Given that so many people are moving towards having healthier homes and choosing better food, it's a wonder that schools are not higher on the priority list as an environment that could use improvement. College and university campuses have been getting a fair bit of attention for sustainability efforst, but where the younger kids are concerned, there's not much taking place, or at least not much in the public eye.
From cafeteria meals to bus exhaust, poorly ventilated hallways to harsh lighting, students face numerous challenges at school that have little to do with what is being taught or how. But dotted around the country are community groups and teachers associations who want to see the school building itself become a catalyst for learning. By implementing green building principles inside and out, some schools have begun to establish conditions where the classroom is a pleasant place to be.
The Waldorf School in Charlottesville, VA has embarked on a campaign to build a LEED Platinum educational facility. In keeping with the Waldorf philosophy, the goal is to create a healthy environment not only in terms of the physical building, but in terms of the well-being of the children and teachers who use it.
The campaign is geared not only toward building the school, but toward galvanizing a community. According to Marianne Lund, chairperson of the CWF, We are creating a school that will be a model of affordability in green design. It allows members of our community, and communities across the country to be part of a dialogue on what it means to live green.
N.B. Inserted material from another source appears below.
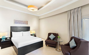 145 suite s kuchyňkou (za příplatek možnost kompletního vybavení), vše s výhledem na moře. Klimatizace, 3 restaurace, 2 bary, bazén, masáže, fitness, tenis, plážový volejbal, golf, rybaření, boutique, dětský klub, business centrum, konferenční sál, Wi-fi internet, pronájem aut, zdarma shuttle bus do nákupního centra Dubai Mall.
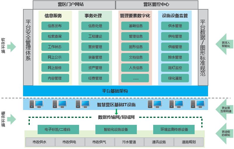 智慧營區(qū)精細(xì)化管理服務(wù)平臺是一套由軟件系統(tǒng)、專用物聯(lián)網(wǎng)、管控中心、數(shù)據(jù)采集及控制設(shè)備、信號傳輸線路、終端監(jiān)控設(shè)備(傳感器和執(zhí)行器)等組成的,實現(xiàn)了營區(qū)資產(chǎn)管理、營房部門的事務(wù)管理、營區(qū)設(shè)施的智能控制的一套整體解決方案。該平臺的應(yīng)用可以實現(xiàn)營區(qū)管理從事后管理轉(zhuǎn)變?yōu)樵搭^管理;從突擊管理轉(zhuǎn)變?yōu)殚L效管理;從專業(yè)部門管理轉(zhuǎn)變?yōu)榫C合管理;從人力手工管理轉(zhuǎn)變?yōu)橐劳鞋F(xiàn)代科技;從粗放經(jīng)驗型轉(zhuǎn)變?yōu)榫?xì)科學(xué)化;從評價主觀轉(zhuǎn)變?yōu)樵u價客觀。

Their goal is to raise a total of $6.2 million to complete the project, and in doing so, to increase awareness around the importance of transforming building strategies and considering a broader concept of "good" education which respects and considers how surroundings effect one's ability to learn.
Part way across the country, Twin Lakes Elementary School in Elk River, MN, is already being constructed, with the goal of achieving a LEED Gold rating. As part of their green building package, they have installed a product called SageGlass - a high-tech glass that can be tinted at the flick of a switch to reduce glare and heat without eliminating natural light and views to the outdoors.
According to Helen Sanders, SAGE's vice president of customer solutions, it takes less electricity to power and control 1,500-square-feet of SageGlass products per day than it does to power a 60-watt incandescent light bulb. The U.S. Department of Energy estimates that electronically tintable window systems are capable of providing up to 40% savings on energy bills, 20% savings on operating costs, 24% reduction in peak demand, and a 25% decrease in the size of HVAC systems.
Obviously beyond simply saving electricity for lighting and A/C, this has significant benefits on kids in the classroom, for whom dim lighting and isolation can make focus difficult. These types of structural improvements hold profound potential to make learning easier, and there few more powerful ways to change the world than by helping students learn more effectively.
A firm in Raleigh NC called Innovative Design, has been building green schools in the area for many years. They've done some lovely work with a big emphasis on natural daylight.
One thing worth mentioning is that the Quarker schools across the country have shown a serious commitment to green design. My firm is currently building a LEED platinum school for Sidwell Friends in DC, and friends central here in Philly is planning a green renovation of their urban campus. As for this electrochromic glass, the claims made above are, really, pretty silly. Good daylighting, which can reduce electric bills and improve classroom environments dramatically, requires the implementation of a number of interlocking architectural strategies, including proper orientation, shading devices, finish albedo, room proportions, light level sensors, dimmable fixtures, low-e glass, and other technologies. My experience is that the electrochromic glass can help (it basically replaces automated solar blinds - the kind you can see through), but is difficult to make cost effective. The stuff costs the earth, and if improperly implemented, won't be very effective. Quick technological fixes are usually a poor substitute for good comprehensive sustainable design. These kinds of technologies are hardly fundamental "structural improvements" they're just substituting a new technology for an older one, the manually operated solar shade, that, in practice, works fairly well.
This technology reminds me very much of Solar Tracking Skylights. I was able to sit through a presentation on their work the other day. I found it very impressive. The basic idea is a skylight with a set of mirrors that move along with the sun throughout the day, so that there is more light earlier and later than otherwise. It doubles to quadruples the amount of light, depending on how far you are from the equator. Neat stuff, and very cost efficient depending on where you are.
Thanks for pointing out another great worldchanging Charlottesville initiative.
Then there are the disaster-resistant, 50-75% more energy efficient domes many southwestern schools are using.